If I were to support any crusade, it would be for children and art. When we were in Albuquerque I taught art in the grade schools as a classroom volunteer. One time we did a wire sculpture, and I talked about Alexander Calder. I had pictures of his wire sculptures and gave all of the kids wire to work with. After we were through, their sculptures were so fantastic. This was probably 4th grade, just at the age where they’re thinking that maybe they don’t have any artistic capabilities. The teacher said to me, “Can you pick out 4 or 5 wire sculptures that you think are they best, and we’ll hang them up?” I said, “Absolutely not! You have to hang all of them. I’ll help you hang all of them. You can’t tell them that one is better than the other, especially at this age.” They were all so marvelous in their own way. I think children have such an ability to create, and it’s devastating to see that destroyed. Children need to find their own confidence and their own voice. I think I’m still working on that with myself, too!
What compels you to keep creating?
I am so compelled by materials whether it’s fabric, metals, glass, thread or yarns and using these materials to create something unexpected. Kurt and I love to go up and down the isles of hardware stores to see what might jump out at us to use in a project.

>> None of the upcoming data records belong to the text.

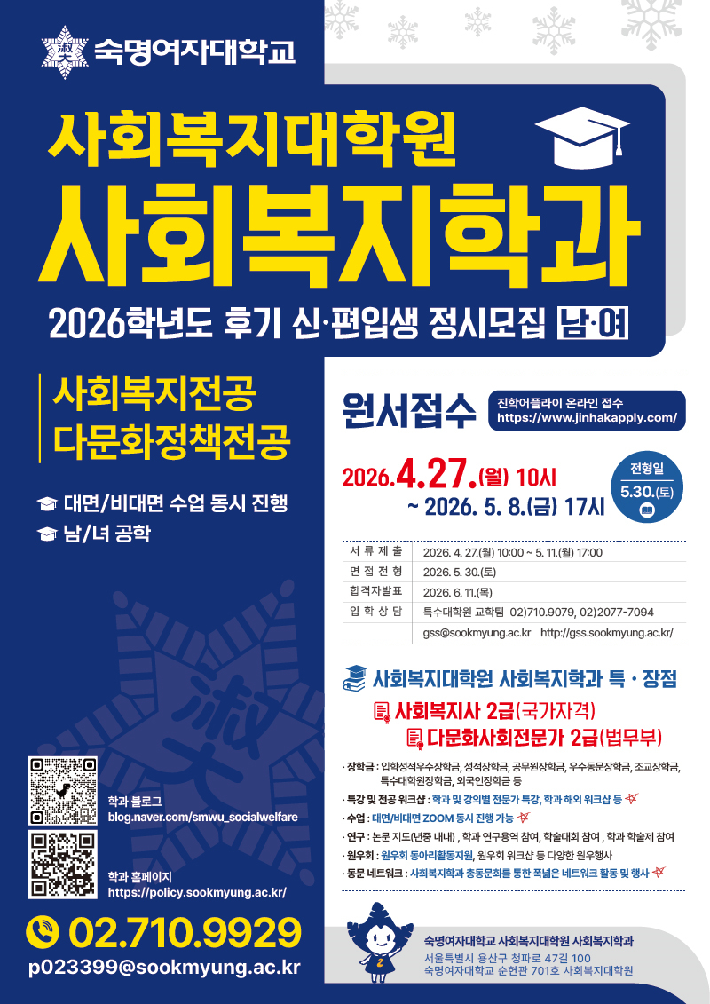 - 사회복지학과 사무실 / 02-710-9929 / E-mail : p023399@sookmyung.ac.kr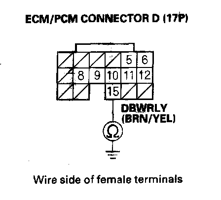 8. Check for continuity between ECM/PCM connector terminal D15 and body ground.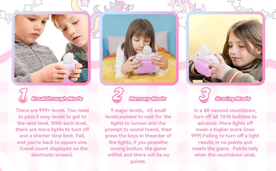 During the game, when you press the silicone bubbles, there may be a situation that the LEDs can not be turned off, you just need to touch your finger to the bottom of the silicone bubbles to make the LEDs go out. This is a normal phenomenon, because the LED is through the silicone bubble to push the switch on the PCBA board to turn off, if the bubble to push the switch on the PCBA board is too small strength will not be able to turn off the LED.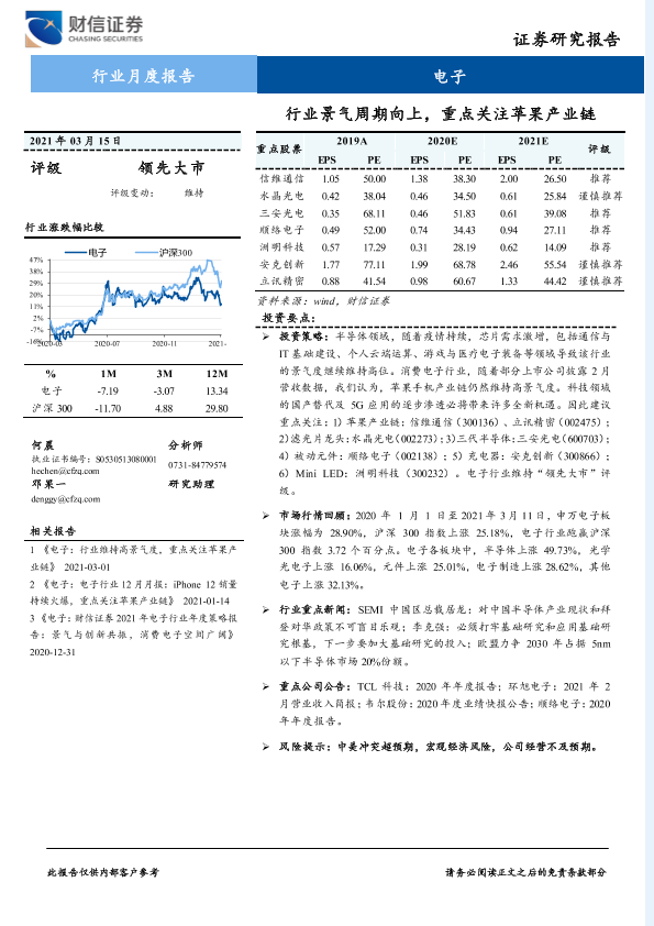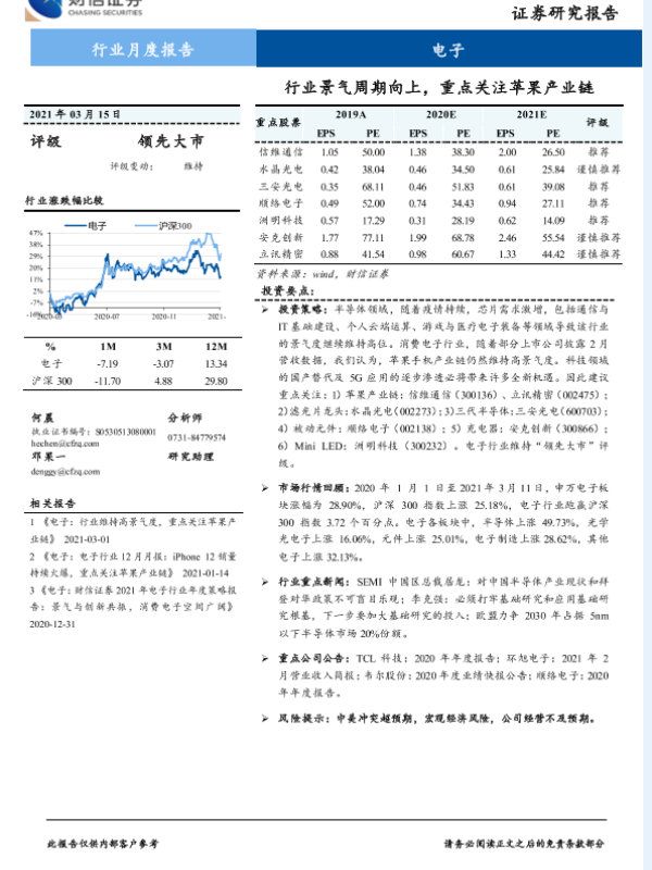 【财信证券】【20210315】电子行业月度报告:行业景气周期向上,重点关注苹果产业链-11页
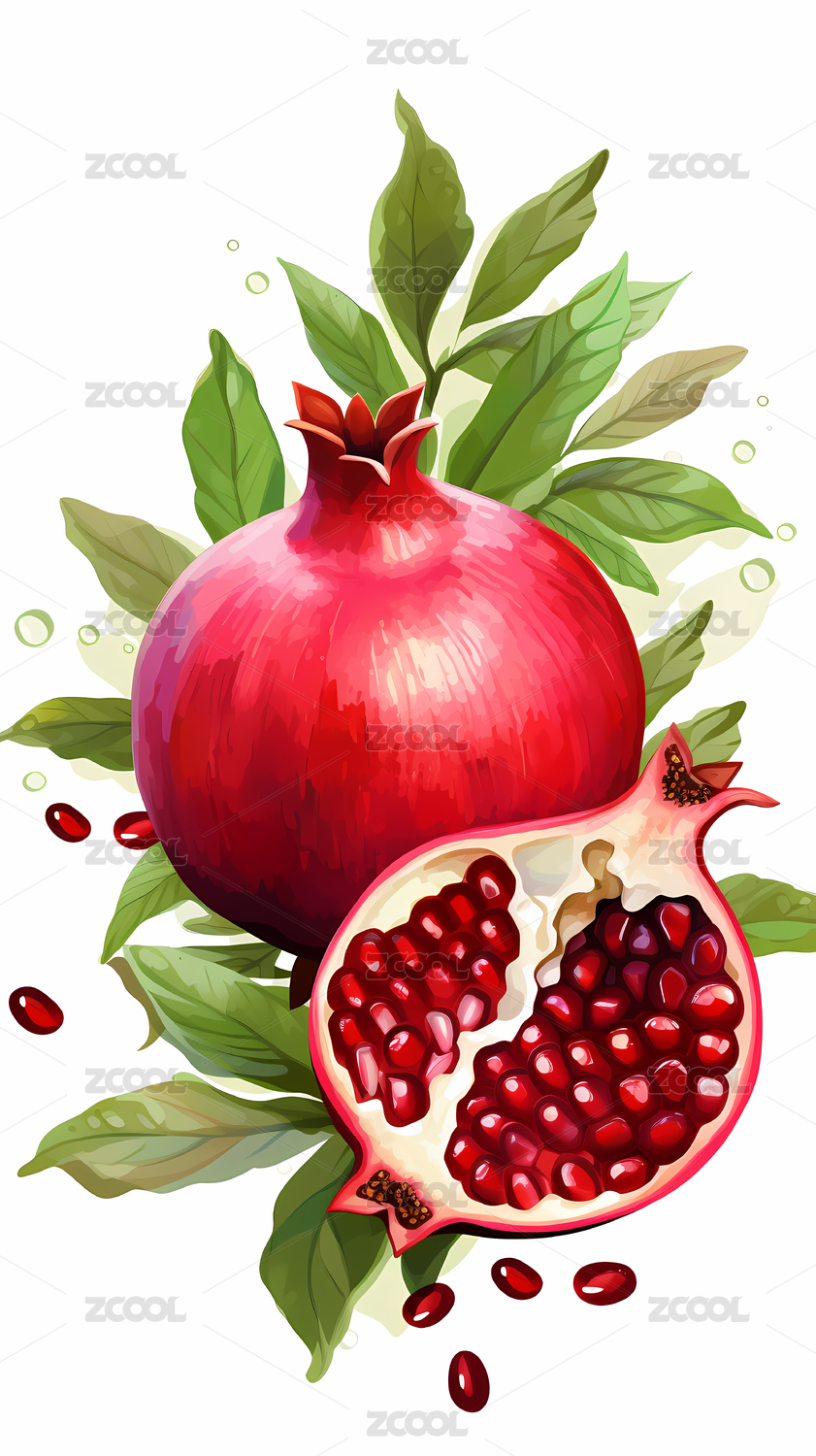 数码科技水彩石榴插画

I think something else that compels me to do art is that it has to do with the greater thoughts and events of life. Somehow I need to express that. Art provides that for me. It’s not like you can just plop down by somebody and start having these really deep conversations. That’s the value of doing artwork. It helps initiate those conversations I would like to have with other people.
I wish I could inspire more people to create. I think the ability is inside of everybody. There are some who have the gift naturally, but that doesn’t mean that it can’t be developed in all of us. If someone could learn to create and feel joy because of me, that would make me really happy. I’m hoping that someone who wants to create will read this interview and have the courage to do so. It changes your life to create something that never existed or never would have existed without you. That’s pretty exciting. To create is as close to the divine as we get.
At A Glance
Location: Durham, North Carolina
Marital status: married to Kurt W Knudsen
Children: Six (33, 32,31, 29, 26, 25)
Schools Attended: BYU BA, BYU MFA
Languages Spoken at Home: English
Favorite Hymn: “Oh, May My Soul Commune With Thee”
Interview by Krisanne Hastings. Photographs used with permission.